Remember that Mass Effect and other Bioware RPGs are story-heavy affairs, wherein the passive entertainment of watching narrative events unfold are sometimes just as entertaining as playing the game itself. (If not more so.) Whilst ideally for a video game you'd want a greater balance of the value proposition to consist in the gameplay, I suppose for sheer adaptation prospects these proportions bodes a bit better. I can see a politically charged drama with the fresh face of humanity trying to scour it's mark onto the well established alien councils of the discovered galaxy, as a solid concept for a TV show. And having a super solider proving the worth of humanity in a tense chase against a rogue secret alien agent that has plots to unravel the universe; this premise works without the game backing it up, is what I'm saying. And yet fundamentally something still feels off about all of this. What could that be? Well our former Bioware writer seems to have honed in on it.

With Bioware games, and most RPGs in general, you have that all-important moment where you make your character, and that is the key here. The protagonist of Mass Effect, the secret agent searching those stars and pushing this narrative, is your character. He or she is your Commander Shepard. That isn't just how this character was shaped, it was what they were designed for. Commander Shepard has little personality beyond 'military training' in their basic writing. (I guess he/she tends to be a bit patriotic no matter which way you lean, too) This is a character designed to be, as our writer puts it, "a blank slate", perfect for the player to impose their own personality upon. That is why Mass Effect is a video game, because it's very soul rests on the interactive act of the player putting themselves into the product. They decide Commander Shepard's gender, look, combat training, past, drives, personality, love life, everything about he/she. Therefore if this Mass Effect TV show is indeed a straight adaptation, they'll have lost one of the core appeals of Mass Effect the second they do casting.

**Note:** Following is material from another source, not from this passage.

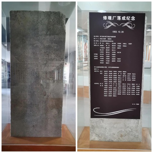 除了修理廠,當(dāng)年建設(shè)者們還新建了宿舍、食堂、辦公室、家屬房等合計近三千平方米的建筑物。廠房落成時,大家歡欣鼓舞,都為自己能參加這樣的工程感到自豪,落成儀式從簡,只放了一掛鞭炮。為了紀(jì)念建場以來第一大工程,施工隊專門從富錦請了一個叫王朝瑞的石匠刻了一個碑,把所有建設(shè)者的名字都刻在了碑上,碑立在廠房正門西南側(cè),作為永恒的紀(jì)念。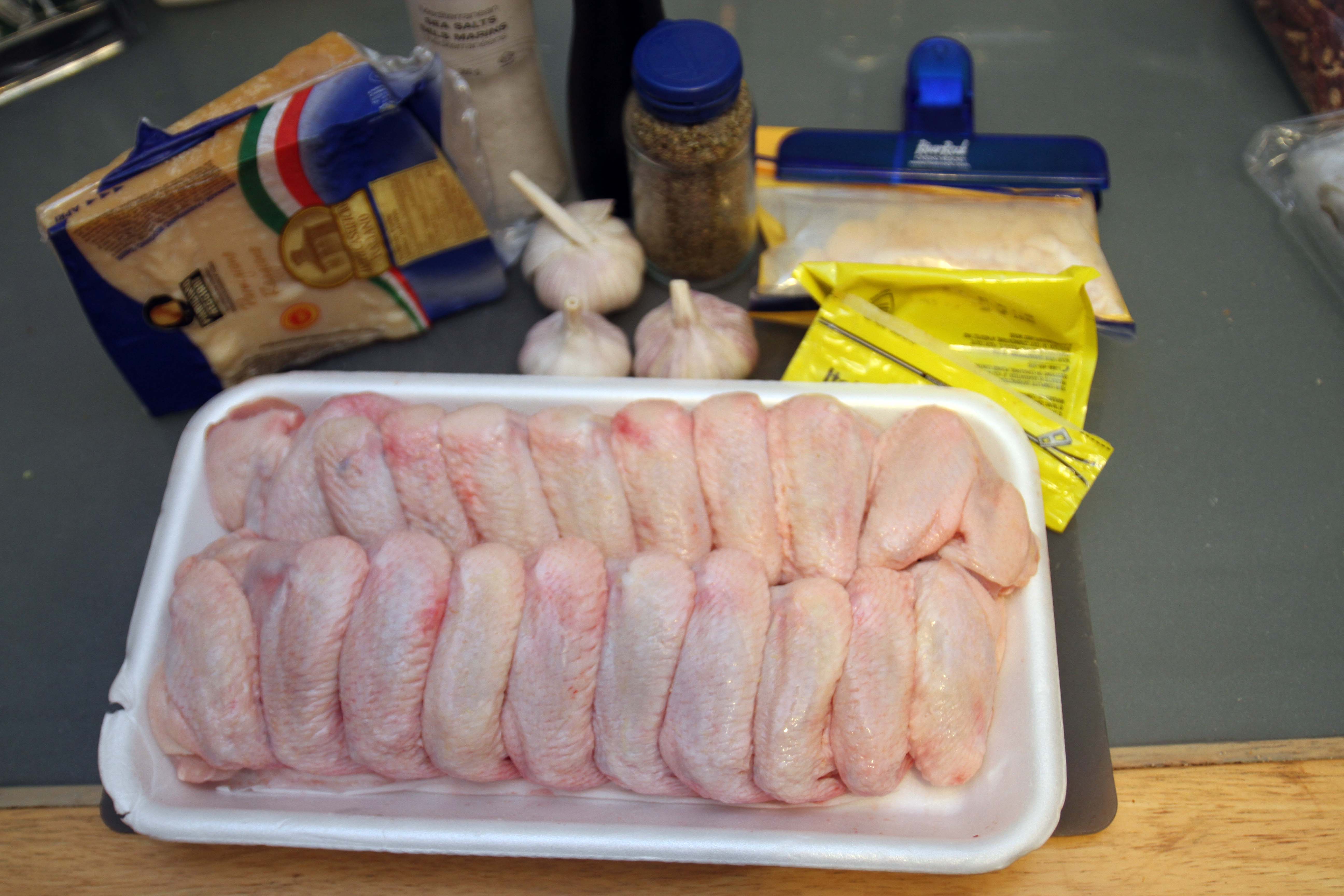One of the things my friends and I always used to do back in our younger days was go out for ‘Wings Wednesday’ at pubs. We also used to eat at various establishments that specialized in wings, such as Wingnuts (my all time favourite place for wings, RIP), and Wings. Growing older, I realized I could easily make wings at home, suited to my tastes. What do I like? Garlic and cheese of course! This recipe bakes wings instead of deep frying, and loads up on the flavour (duh!)

Who wants to be told definitively what their title character should look like? Heck, that was one of the key problems with the Mass Effect marketing material, showing too much of the default male's face so that it influenced player's perceptions on what the idiot should look like. It was so annoying that they had to offer different box art for Mass Effect 3 showcasing the female lead, and for Andromeda they opted for a totally masked box art character altogether. Imagine that 'identity crisis' problem on steroids, and you have the potential disaster that Amazon would be in for whilst trying to choose a starring cast for some sort of adaptation. But then again, they've opened themselves up to the whole 'challenging established iron-clad imagery' thing with the very idea of remaking Lord of the Rings, so perhaps they enjoy hitting up against seemingly impassable walls and then... proving themselves? (I wait with bated breath to see how LOTR works out for them.)

So we come around to the same message I have for any and all potential adaptations of video game properties that are bumping around Hollywood; don't. The video game industry already takes too many of it's cues from the traditional passive entertainment industry for movies and TV shows to bring anything different to the table. Take the confused Tomb Raider movie from a few years back that smashed together different game plotlines and felt undeservedly rushed from start to end. The upcoming Uncharted movie that looks woefully miscast and steals imagery from key scenes in the game series only to do them worse because a computer generated figure can do more daring stunts than a real actor on a CGI background can. History screams at these people that 'video games' and 'small/big screen adaptations' do not go well together. It's like Anime and live-action Netflix adaptation, it's just a bad idea from start to finish. So if you really are gauging interest before taking this deal, Amazon, then allow me to say very clearly that I, for one, am very not interested. Unless it's not an adaptation; in that case it's cool.